As our intrepid driver, Kent, skillfully maneuvered the back roads in our “Magic Mystery Tour”-era coach, I had time to reflect on the names that archaeologists and early European settlers have bestowed upon archaeological sites, places that various Native groups consider to be their ancestral footprints. Site names like Buena Vista, Ninemile, Spear Ranch, and Reeve Ruin seem relatively benign, at least at face value. But what did Lyle, Bernard, and Tony think of names like “Goat Hill,” or “Tonto,” which means “foolish” in Spanish, and is presumably based on the term the Chiricahua Apaches used to describe the Apache bands who once roamed central Arizona? Or what about Besh-Ba-Gowah—“Metal Camp” in Apache—for the early mining settlement of Globe?

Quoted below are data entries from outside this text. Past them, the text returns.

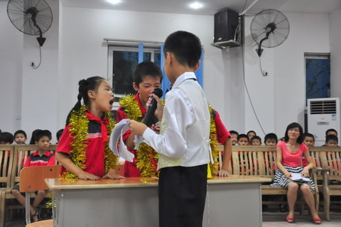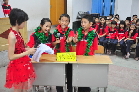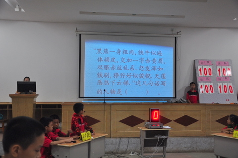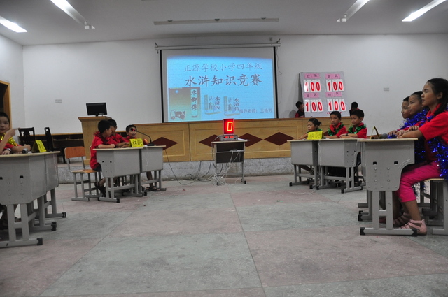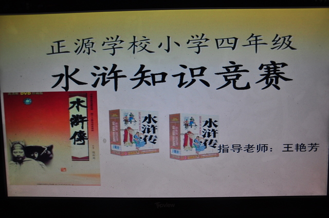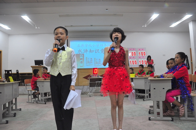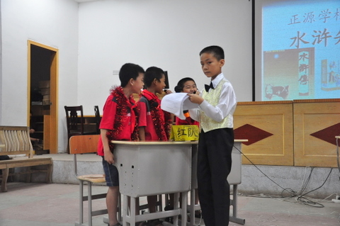 汇报演出分两部分,上半部分为水浒知识竞赛,下半部分为水浒文艺演出。在水浒知识竞赛环节中,从各班抽出的优秀选手组成红、黄、蓝、绿四个小队,每个小队由三位同学组成,竞赛题型有必答题、朗读题、抢答题和风险题,采用图文并茂的形式,并有互动环节,同学们运用平常学到的水浒知识,竞相回答主持人提出的各类问题,全场妙趣横生,将演出推向一个又一个高潮。下半场是水浒文艺演出部分,首先是舞台剧《鲁提辖拳打镇关西》拉开了演出帷幕,稍后登台亮相的是读后感《我读水浒》、评书《林冲捧打洪教头》和快板《武松打虎》,各类形式的演出将同学们带进了一个又一个不同的场面,最后,舞台剧《水调歌头·明月几时有》将晚会演出推向最高潮,随之,整台汇报演出戛然而止。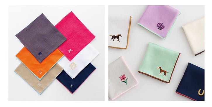 △イニシャル刺繍やモチーフ刺繍の無料券もご用意!イニシャル刺繍は、33書体・20色の糸色からお選びいただけます。他では見つけることのできないオリジナルデザインの刺繍で、特別なハンカチーフをお作りいただけます。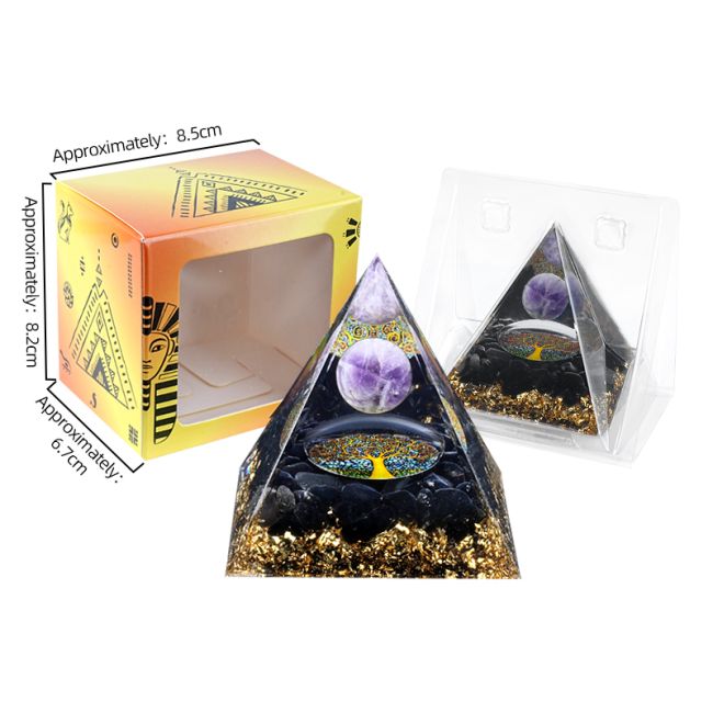 Orgonite Pyramid Amethyst & Black Obsidian Tree of Life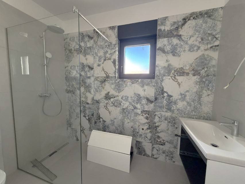 Quality materials are used in the construction. Underfloor heating is planned in the bathrooms, and all rooms are equipped with air conditioning for heating and cooling. The apartment has an anti-burglary system , and the completion of the works is planned for spring 2026 . The property includes two parking spaces .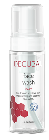 Mild hreinsifroða, sem hreinsar húðina á áhrifaríkan hátt án þess að þurrka hana. Froðan hefur létta og mjúka áferð. Hún inniheldur líka rakagefandi glýserín, sem verndar húðina og allantóín, sem hreinsar mjúklega burt dauðar húðflögur og hvetur frumuendurnýjun í húðinni. Decubal face wash inniheldur einnig sefandi kamillu sem hindrar ertingu.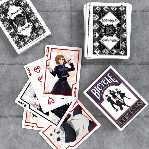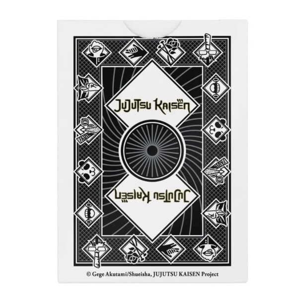 Disse unikke spillekort præsenterer et specialdesignet kortbagside med Tokyo Jujutsu High School-logoet og ikoniske figurer på billedkortene. Oplev fantastiske illustrationer af Yuji, Megumi, Nobara og Gojo, mens kortenes detaljerede symboler er inspireret af Sukuna’s tatoveringer.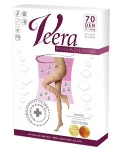 Veera Przeciwżylakowa Rajstopy 70den KarmelRajstopy 70 denI stopień ucisku 13-17 mmHgEleganckie rajstopy Veera ze stopniowanym uciskiem. Poprawiają krążenie i perfekcyjnie modelują sylwetkę. Stosowane w profilaktyce i przy pierwszych problemach z krążeniem. Nadają lekkości nawet najbardziej zmęczonym nogom. Przynoszą szybką i skuteczną ulgę w przypadku pierwszych objawów osłabionego krążenia, takich jak: obrzęk, zmęczenie nóg, uczucie ciężkości nóg, pajączki (pękające naczynka).Są testowane klin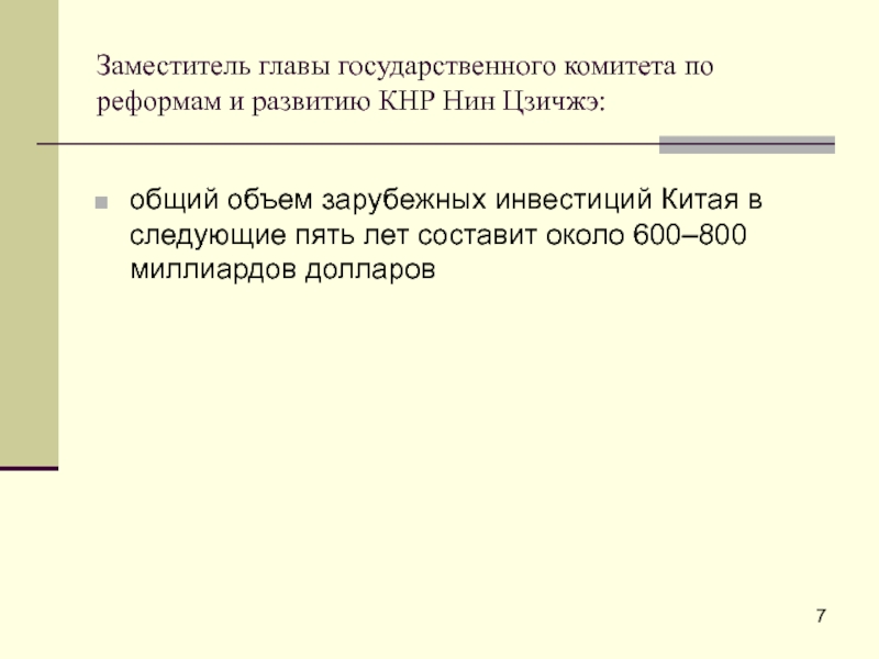 Слайд 7Заместитель главы государственного комитета по реформам и развитию КНР Нин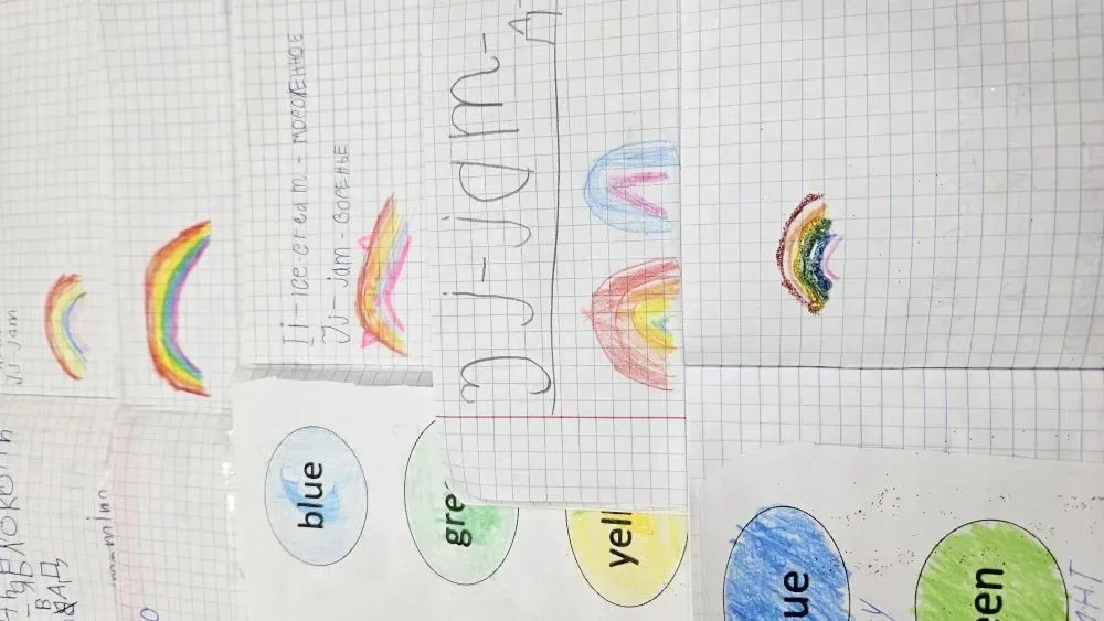 27 ноября с участниками лингвистического кружка «Веселые друзья» прошел обобщающий урок «Повторим, закрепим». Каждое занятие мы начинаем с повторения английских букв и звуков. Скоро будем знать весь английский алфавит. Немаловажной частью в нашем обучении стало проговаривание различных рифмовок, так особенно полюбилась рифмовка «Good morning! – Доброе утро!». Устроили небольшое соревнование – кто лучше ее проговорит. Для закрепления и обобщения темы «Цвет» с участниками была проведена игра «Снежный ком», а потом им нужно было, используя цветные карандаши и знания английских цветов, нарисовать радугу. Получились у всех очень красивые, яркие радуги. Также поиграли в игру «Назови цвет»: один участник показывал предмет (например - книга), а второй называл какого он цвета (красная – red). Мы, конечно, изучили не все цвета, но основные, которые пригодятся нам в дальнейшей работе. Завершился обобщающий урок подведением итогов и постановкой целей на следующее занятие. Участники кружка в конце урока говорят друг другу «Good bye!»

These strange and sometimes derogatory labels in foreign or even “enemy” languages are commonly used in the archaeological literature instead of the Pueblo and O’odham names. As an anthropologist, I often try to understand others by finding analogies that resonate with my own heritage. In this light, I wonder what I would think if, in some (I hope very) distant or alternative future, the ruins of New York City (“Manhattan” itself deriving from a Native place name) were called Город дураков (roughly Gorod Durakov), or “City of Fools” in Russian. Would I be insulted, or see the irony and smile? I would like to think the latter, but I am not so sure.